Meta Reality Labs achieved its highest revenue yet in Q4 2023, over $1 billion for the first time.

Reality Labs is the division of Meta behind Quest headsets, the Ray-Ban smart glasses, the Horizon platform, and research & development toward AR glasses and their neural wristband input device.

In the Q4 earnings call today Meta reported $1.07 billion Reality Labs quarterly revenue.

Being the holiday season, Q4 has always been the strongest quarter for Reality Labs since Meta started breaking out its financials in Q4 2020. But Q4 2023 was the strongest ever by far.

Meta CFO Susan Li told investors this record revenue was “driven by Quest 3 sales during the holiday season”. Quest 3 launched on October 10, and Q4 includes October, November, and December.

For comparison, Apple has reportedly sold just over 200,000 Vision Pro preorders, equating to over $700 million in revenue.

Meta Reality Labs also reported its highest ever costs in Q4 however, $5.72 billion, resulting in a $4.65 billion quarterly “loss”.

But while describing this as a loss is technically correct in a financial sense, in reality it’s more accurate to describe this as long term investment. XR headsets like Quest are still a relatively early technology, far from maturity, and Meta hasn’t even launched its first AR glasses yet. More than 50% of Reality Labs spending is on the research and development of AR glasses.

Li told investors she expects these losses to increase meaningfully over the next year due to “ongoing product development efforts in augmented reality/virtual reality and our investments to further scale our ecosystem”.

That product development refers to the AR glasses and future Quest headsets. Meta reportedly plans to ship a cheaper version of Quest 3 in coming months that may be called Quest 3 Lite, and is reportedly working with LG on a Quest Pro 2 for 2025.
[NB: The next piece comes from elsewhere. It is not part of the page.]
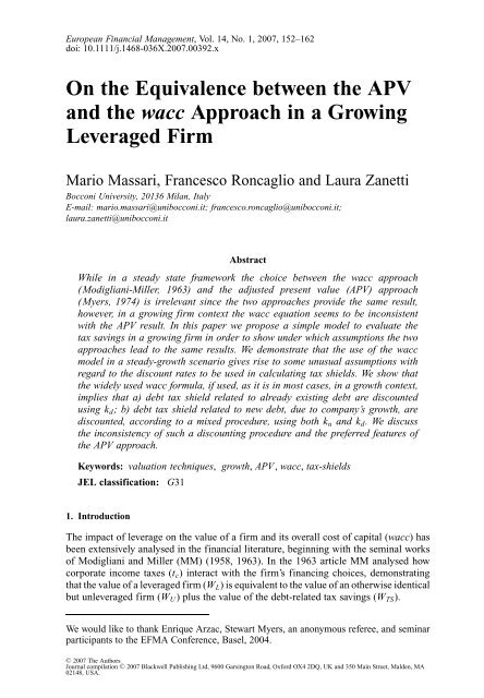 Pdf Equivalence Between The Fcf Method The Ccf Method And The Apv Approach

It’s less clear what “investments to further scale our ecosystem” means, but it could refer to VR content and developer funding. Meta has acquired eight game studios in recent years and just released two AAA games for Quest, Asgard’s Wrath 2 from one of its studios and Assassin’s Creed Nexus from Ubisoft. It also continues to heavily invest in its Horizon “metaverse” platform, bringing it to mobile and web last year and building a first-party studio to ship high quality games inside it.

Mark Zuckerberg has in the past told investors that he doesn’t expect Reality Labs to be profitable until the 2030s, seeing it as a long-term investment in the future of computing.